On May 13, 2008, at 4:22 PM, belcampo wrote:
Rob Ross wrote:
Hi Henk,
Please be sure to CC pvfs2-users on future emails.
Sorry stupid I didin't do that.
Easy to do; no worries.
Without any additional information, my guess is that every
application you're using in this workflow performs very small I/Os.
These operations are passed into the kernel, back out to pvfs2-
client, across the network and received by the PVFS server, who
then performs I/O on your application's behalf. If operations are
particularly small, this can be a lot of overhead.
Top tells me that server-side 99.6% idle client-side 95% idle, how
could I determine what is causing the abnormal delays.
Starting to play a dvd takes about 12 secs. After a few seconds it
starts stuttering.
By nfs of 1 of the servers it takes about 1 sec to start and never
stutters.
Heh well that's a little different -- that's a read workload. The NFS
client is reading ahead.
Have a look at this:
http://www.pvfs.org/cvs/pvfs-2-7-branch.build/doc/pvfs2-faq/pvfs2-faq.php#SECTION00074000000000000000
and this:
http://www.pvfs.org/cvs/pvfs-2-7-branch.build/doc/pvfs2-faq/pvfs2-faq.php#SECTION00077000000000000000
Also this email and specifically the immutable option; you could set
this on your files after you are done ripping and encoding:
http://www.beowulf-underground.org/pipermail/pvfs2-developers/2006-September/002688.html
You'd probably want to use the pvfs2-xattr utility to set the
attribute so you don't have to sudo it.
Other networked file systems can hide some of this latency by
caching data (either coherently or not) on the client. PVFS does
not do this, so each little operation goes across the wire.
Can this be investigated with some networktool and if yes, how ?
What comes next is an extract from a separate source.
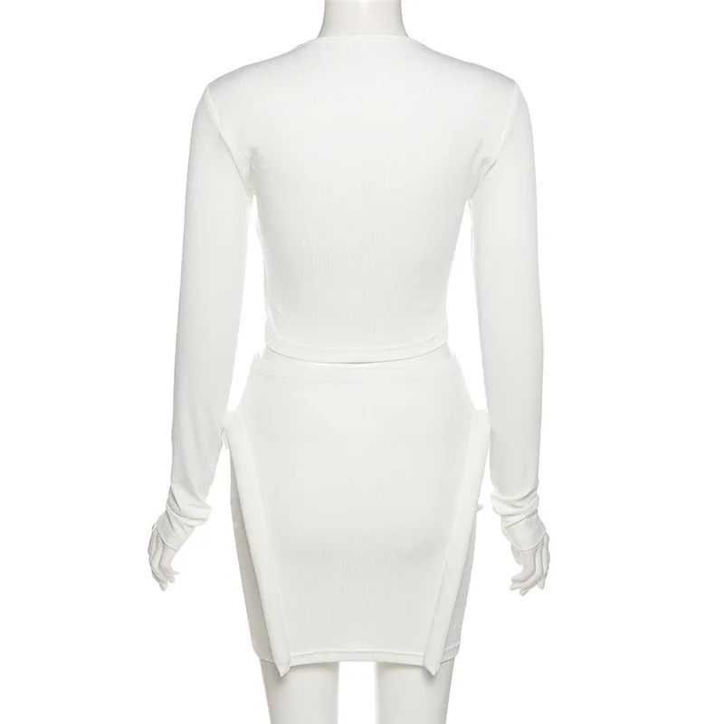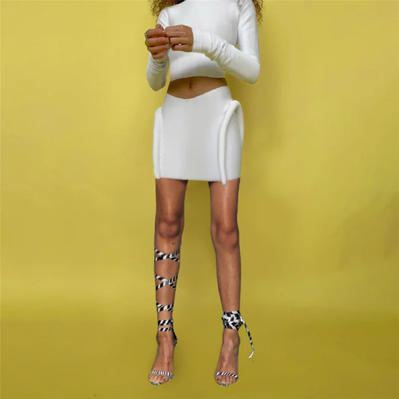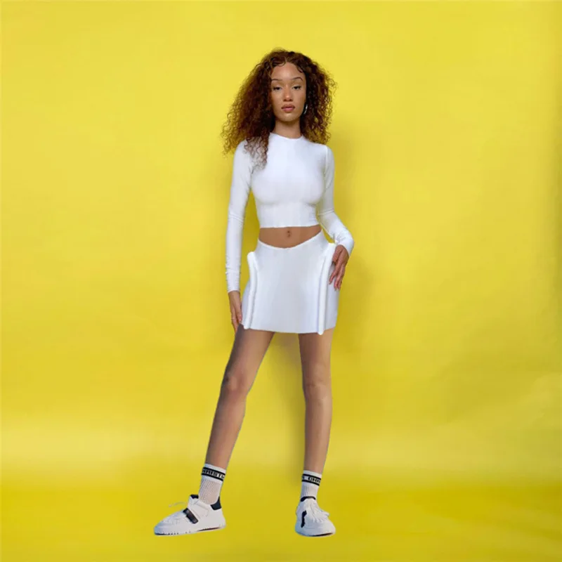 Новинка, Женский комплект из двух предметов с юбкой, однотонный комплект в рубчик, Соблазнительный топ-труба с длинным рукавом, облегающий клубный наряд комплект с юбкой в обтяжку

There's really no advantage to using a parallel file system for the
workload you have described,
But should the disadvantage be in this order of magnitude ?
Apparently :). You could strace the app to see how big/small the IOs
are. Some apps have options for block sizes for IO that can be used to
improve performance. Also, there's no reason to bother with striping
files in this case, since you're accessing serially. You should set
the the number of datafiles (objects holding data) to 1 on the
directory you're storing into:
setfattr -n "user.pvfs2.num_dfiles" -v "1" /mnt/pvfs2/directory
unless you're planning on having a lot of systems doing this
process in parallel and want a single place to store the output.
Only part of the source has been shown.